К сожалению, эти яркие моменты безоблачного или почти безоблачного счастья были очень коротки. Среди всех ролей Шаляпина роль примерного мужа удавалась ему менее всего. Но что же мешало двум этим людям, как будто созданным специально друг для друга, спокойно жить и быть счастливыми? Ведь у них было много общего — они любили искусство во всех его проявлениях, их вкусы во многом совпадали, их характеры были настолько же похожи, как и их почерки (а некоторые буквы латинского алфавита они писали просто одинаково!). Они могли бы прекрасно дополнять друг друга. Слабость характера и некоторая беспорядочность Шаляпина вполне могли бы уравновешиваться сильной волей Иолы Игнатьевны, ее собранностью и ответственностью. Необходимо, чтобы рядом с Шаляпиным был сильный человек. К несчастью, Иола Игнатьевна обладала той же вспыльчивостью, что и ее супруг. Хватало и маленького недоразумения, чтобы вспыхнул ее темперамент и произошло извержение вулкана ее чувств и страстей. А поводов к этому Шаляпин давал предостаточно…

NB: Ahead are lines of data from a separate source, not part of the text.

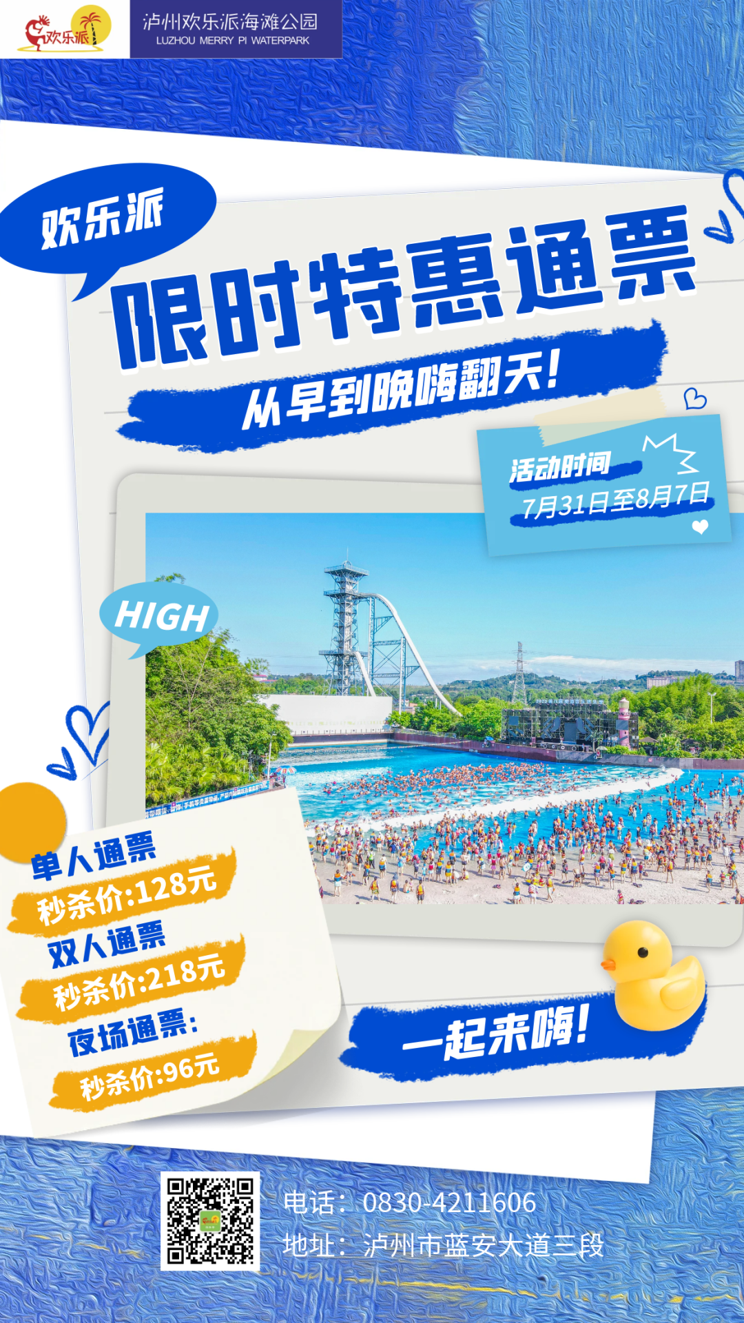来自泸州欢乐派的消息,热浪持续升温up,即日起至8月7日,电音特惠限时加仓一周!通票原价188元,热浪电音特惠单人票仅售128元/张(日夜场通用)。
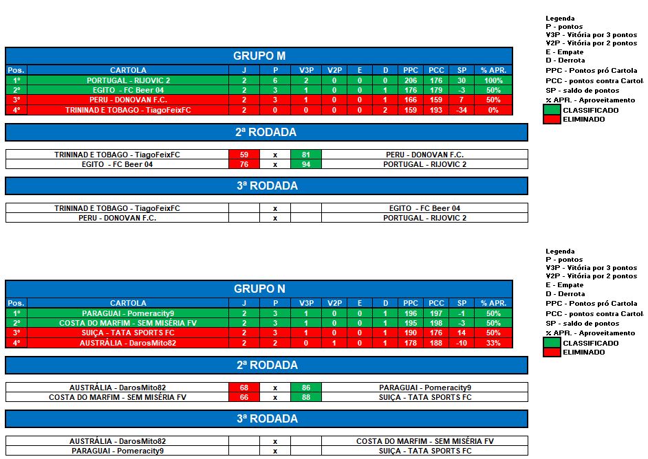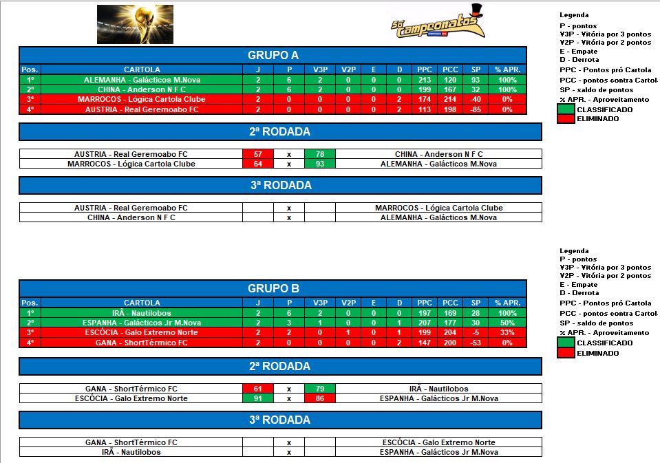 COPA DO MUNDO SOCAMPEONATOS 2 – FASE 1 – RODADA 2
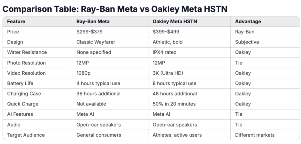 - Performance Leader: Oakley Meta HSTN with 3K video (vs 1080p) and double the battery life (8 hours vs4)
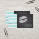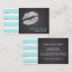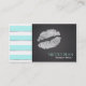Tarjeta de presentación Aqua Blue White Stripes Faux Silver Shine Lips
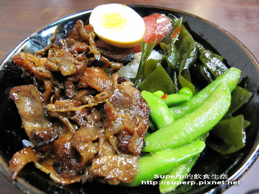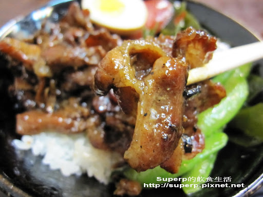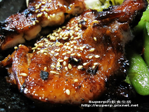 烤肉近拍(炭烤味很重,而基於肉片薄,太過於入味,所以整體來說太甜了,不合我胃口)
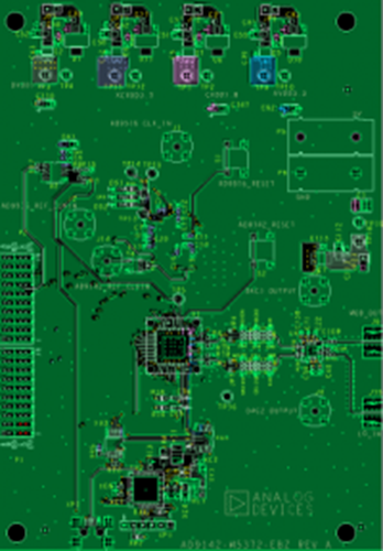 AD9142-M5372-EBZ连接DPG2后,可用于快速评估AD9142——一款高速信号处理数模转换器(DAC)。DPG2自动格式化数据并发送至AD9142-M5372-EBZ,简化器件评估。评估板(EVB)采用+5V电源供电。该EVB集成时钟分配芯片AD9516,用作DACCLK、REFCLK和DPG2输入时钟的时钟扇出和分频器。该EVB还集成了正交调制器ADL5372,用于快速DAC+IQMOD评估。图2为AD9142-M5372-EBZ的俯视图。文档

На тихие семейные будни ему было отпущено мало времени, и вот оно неожиданно кончалось, и Шаляпин вновь погружался в круговорот своей бешеной жизни — он снова должен был куда-то ехать, бежать… Какая-то тоска гнала его из родного дома, заставляя мотаться по разным странам и городам — как будто он пытался ухватить хотя бы частицу счастья! — и никакая сила уже не могла остановить его.

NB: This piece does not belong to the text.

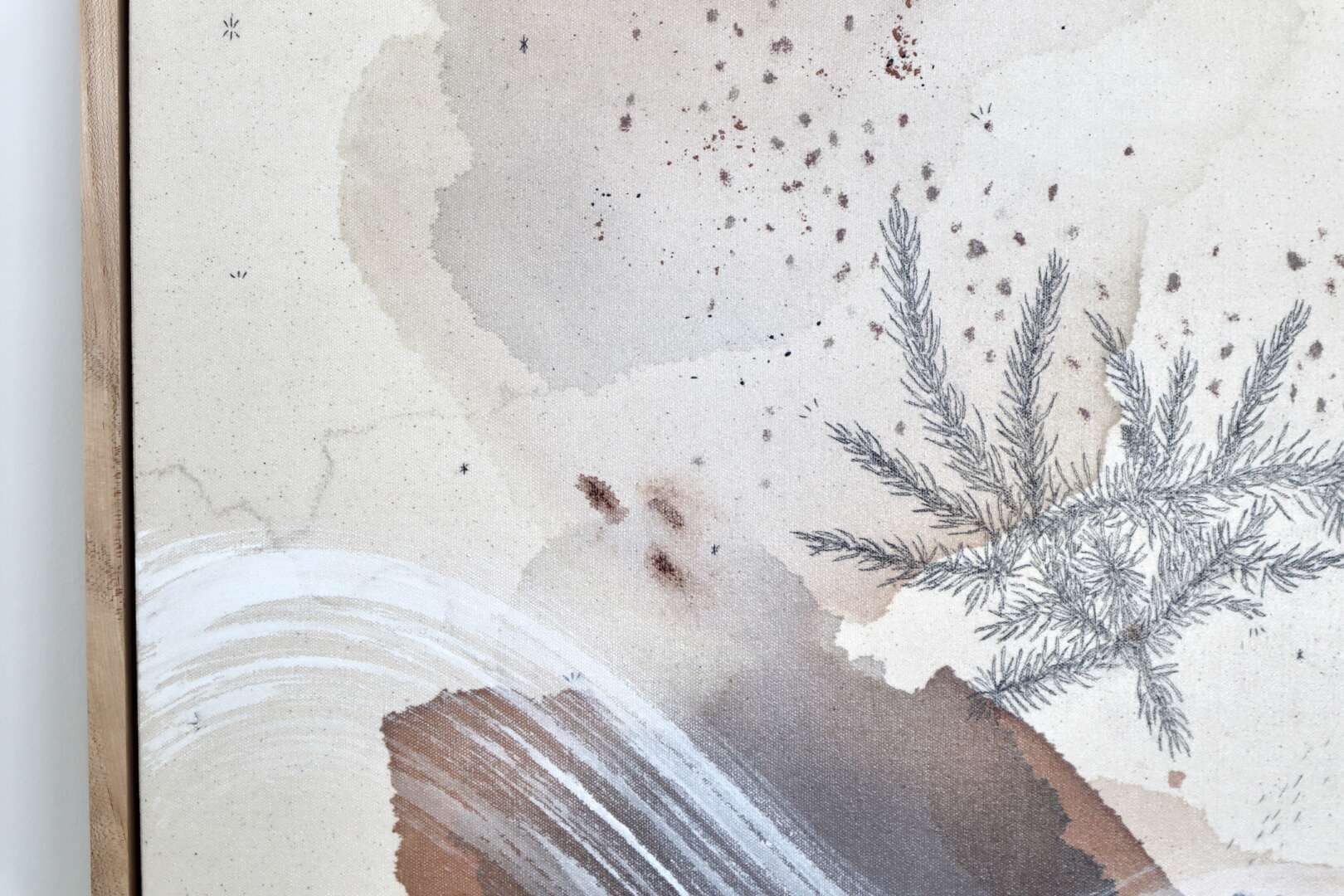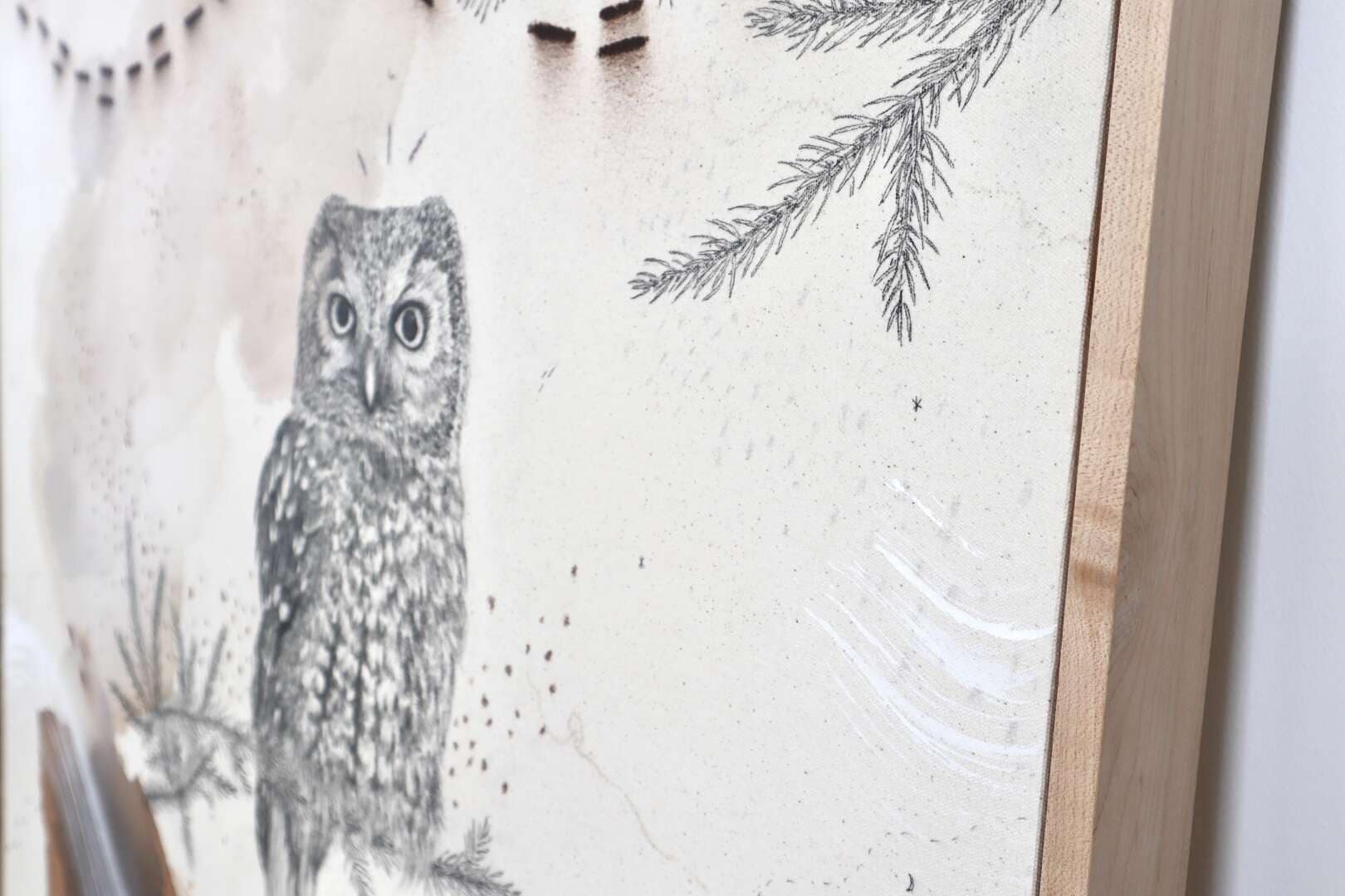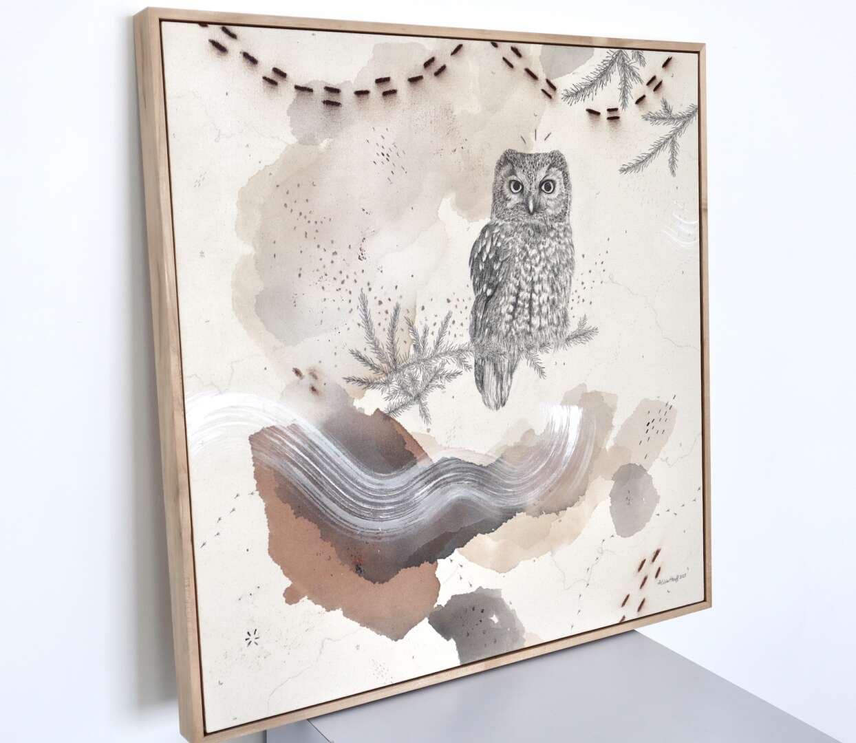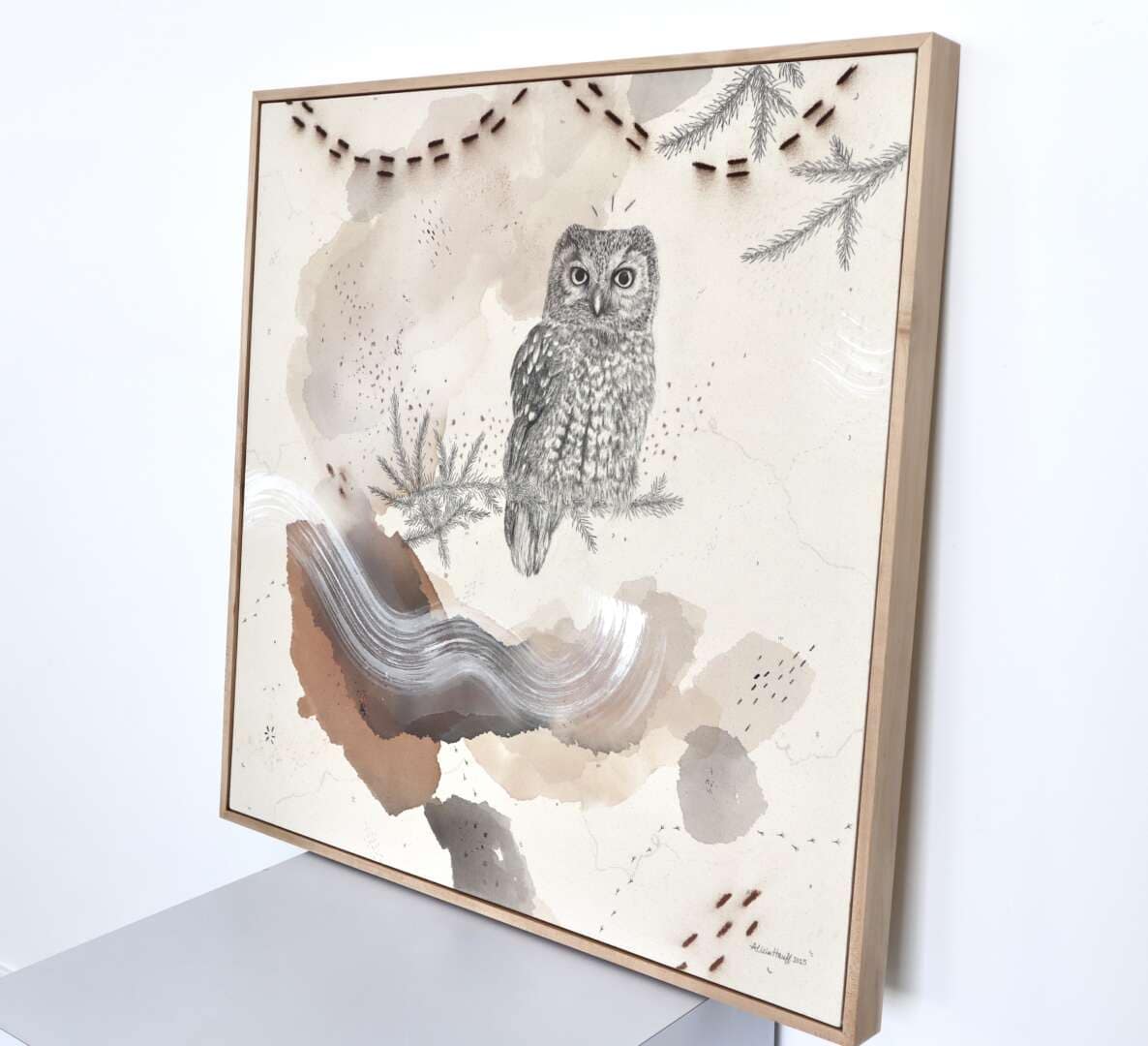 Original mixed media on raw stretched canvas with hard maple float frame.

Те надежды, которые Иола Игнатьевна возлагала на рождение Бориса, не оправдались. Изменить Шаляпина было невозможно. Его надо было принимать таким, каков он был.
Уже в ноябре 1904 года Шаляпин уехал на гастроли в Петербург, перессорился там со своими коллегами, заболел бронхитом и жаловался Иоле Игнатьевне: «О, зависть, зависть — она не дает спать никому, мне кажется».

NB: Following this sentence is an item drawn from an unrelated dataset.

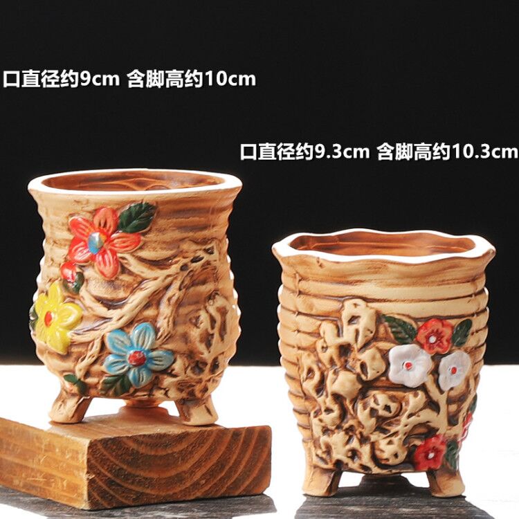 粗陶多肉植物陶瓷花盆素烧复古韩式手绘肉肉老桩简约清新透气室内
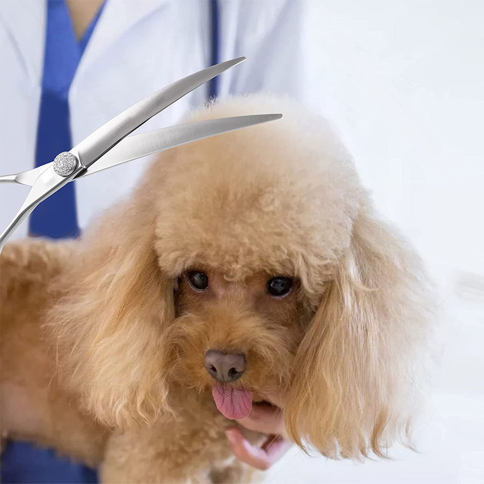 Ciseaux de toilettage au design personnalisé Finition satinée Ciseaux de toilettage à lame tranchante pour chiens incurvés avec emballage personnalisé

Он опять успокаивает ее, говорит, что разочаровался в женщинах, что все женщины дрянь, которые только и могут обманывать своих доверчивых мужей, и только одна она у него «сущий ангел». Он снова просит у нее прощения за свои ошибки, за свою молодость: «Ах, милая Иолка, верь мне, что я хотя и сделал тебе много пакостей, все же я тебя люблю, любил и буду любить и никогда ни на кого тебя не променяю. Знай, что горести и радости можешь дать мне только ты и больше никто и никогда…»
А в воздухе Петербурга уже витали революционные настроения. В письме Шаляпин сообщил Иоле Игнатьевне, что скоро, вероятно, в России будет конституция и газеты начнут обо всем говорить свободно. Как друг Горького и социал-демократ в душе Шаляпин был этому рад.
Его спектакли в Петербурге, как всегда, шли с огромным успехом, но Шаляпин нервничал. «Мне ужасно надоело быть одному, — писал он Иоле Игнатьевне, — я хочу видеть моих дорогих детей и обнять и поцеловать мою дорогую, обожаемую Иолку — знай, что иногда я просто не могу заснуть». Ну почему она не может всегда быть рядом с ним? Этот вопрос не давал ему покоя…
Но несмотря на это (а может быть, как раз именно потому, что он слишком часто оставался один), все чаще Шаляпин оказывался втянутым в сомнительные компании и становился участником отвратительных кутежей. В книге «Страницы из моей жизни» он откровенно признался и в этой стороне своего существования:
«Вне артистического мира у меня было много знакомств среди купечества, в кругу богатых людей, которые вечно едят семгу, балык, икру, пьют шампанское и видят радость жизни главным образом в этом занятии.
Вот, например, встреча Нового года в ресторане „Яр“, среди африканского великолепия. Горы фруктов, все сорта балыка, семги, икры, все марки шампанского и все человекоподобные — во фраках. Некоторые уже пьяны, хотя двенадцати часов еще нет. Но после двенадцати пьяны все поголовно…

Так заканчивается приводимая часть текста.